While maintaining the temperature at 45 ° C, carbon disulfide may be added while paying attention to heat generation. Further, while maintaining the reaction system at 20 to 45 ° C., carbon disulfide and alkali may be dropped simultaneously from separate dropping ports. Further, in the case of a small scale, carbon disulfide and alkali can be added all at once at 30 ° C. or lower, cooled to maintain the temperature at 25-40 ° C., and the reaction can be carried out for 2-7 hours.

The solution after completion of the reaction can be used as it is as a high molecular weight heavy metal scavenger. The solution was added to a large amount of acetone to cause precipitation, which was collected by filtration and dried,
The polymer of the present invention can be obtained. The polymer of the present invention is usually obtained as a yellow powder.

The weight average molecular weight of the polymer of the present invention depends on the weight average molecular weight of the raw material polyallylamine polymer or its salt and the amount of carbon disulfide. The weight average molecular weight of the polymer of the present invention is not particularly limited, but is usually 1000-
10,000,000, preferably 1500-5,00
10,000, more preferably 2000-2,000,0
00. If the weight average molecular weight is too small, the heavy metal scavenger has poor sedimentation and separation properties. If it is too large, it is difficult to dissolve and the workability deteriorates.

The repeating unit of the polymer of the present invention depends on the repeating unit of the raw material polyallylamine polymer. Further, the proportion of the polymer of the present invention salified with an alkali metal N-dithiocarbamate is usually 70-100%, preferably 80-100%, more preferably 90-100%. The ratio can usually be determined from elemental analysis values. The ratio is determined by decomposing the polymer of the present invention with dilute sulfuric acid, quantitatively generating carbon disulfide as xanthate, and titrating with iodine (Industrial Chemistry Magazine, Vol. 69, 766).
Page, 1966). In the infrared spectrum of the polymer of the present invention, a strong absorption is usually observed near 960 cm ⁻¹ based on the C═S bond and a strong absorption near 1375 cm ⁻¹ based on the N—C═S N—C bond.
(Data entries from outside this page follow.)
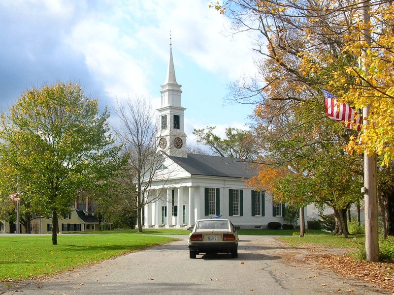 flanked by the Congregational Church in true New England style) saw
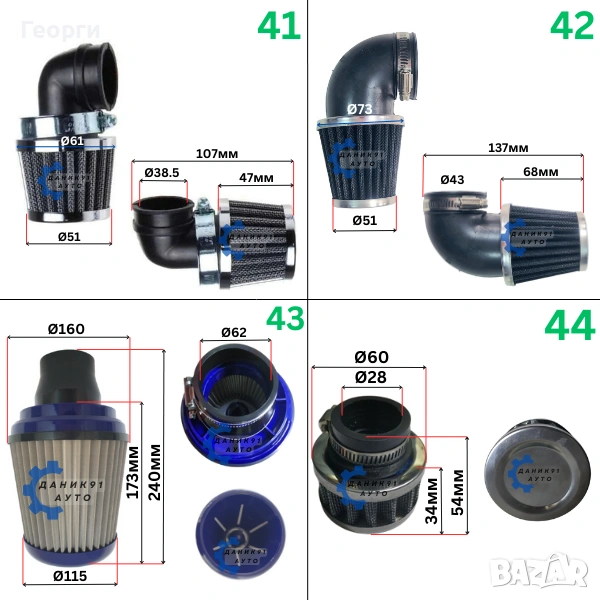 41. Спортен филтър 90 градуса Ф38,5 Ф51 Ф61 107мм - 12,00 лв. ( 6,14 € )
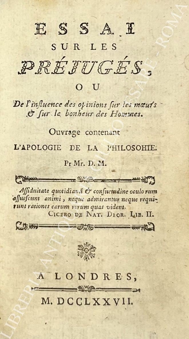 Essai sur les prejuges, ou De l'influence des opinions sur les moeur's & sur le bonheur des Hommes. Ouvrage contenant l'apologie de la philosohie | Libri antichi e moderni | Du Marfais
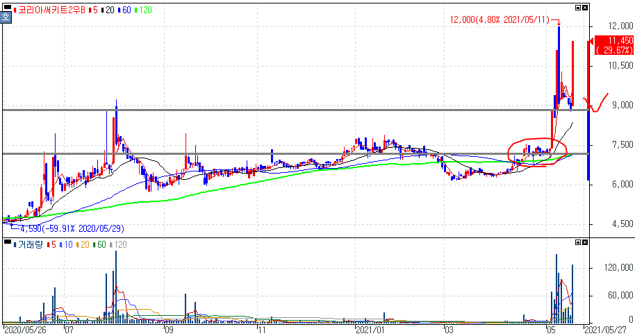 재료 미노출 상한가를 기록한 코리아써키트2우B 주가 입니다.
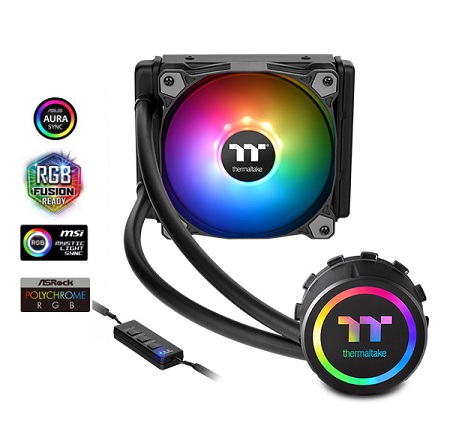 A Thermaltake Water 3.0 120 ARGB Sync Edition egy komoly radiátort tartalmaz, amelyen keresztül egy 120 mm-es ventilátor préseli át a levegőt, hogy lehűtse a processzortól érkező meleg folyadékot.
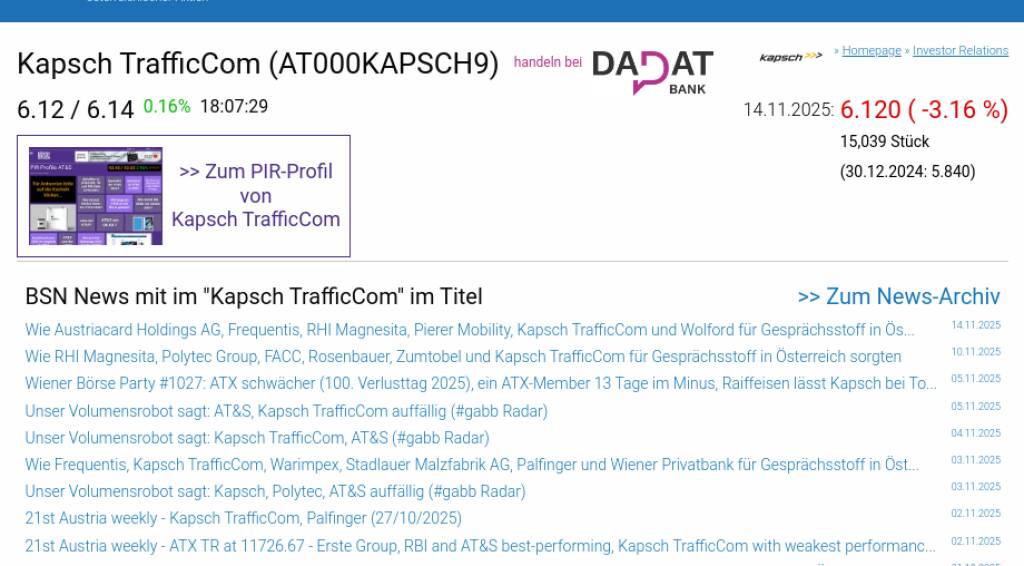 Kapsch TrafficCom am 14.11. -3,16%, Volumen 203% normaler Tage

The polymeric metal scavenger of the present invention contains the polymer of the present invention as an essential component. The polymeric metal scavenger of the present invention can be used alone as an aqueous solution of preferably 0.05-10%, more preferably 1-5%. The amount added depends on the content of heavy metal ions in the waste water and can be calculated by the following formula. Addition amount = (Mw x amount g of heavy metal ion of waste water) / equivalent g of metal ion. However, 1 equivalent of metal ion = atomic weight / charge number, Mw =
The weight average molecular weight of the polymer of the present invention / (degree of polymerization of the polymer of the present invention x ratio of N-dithiocarbamic acid alkali metal chloride).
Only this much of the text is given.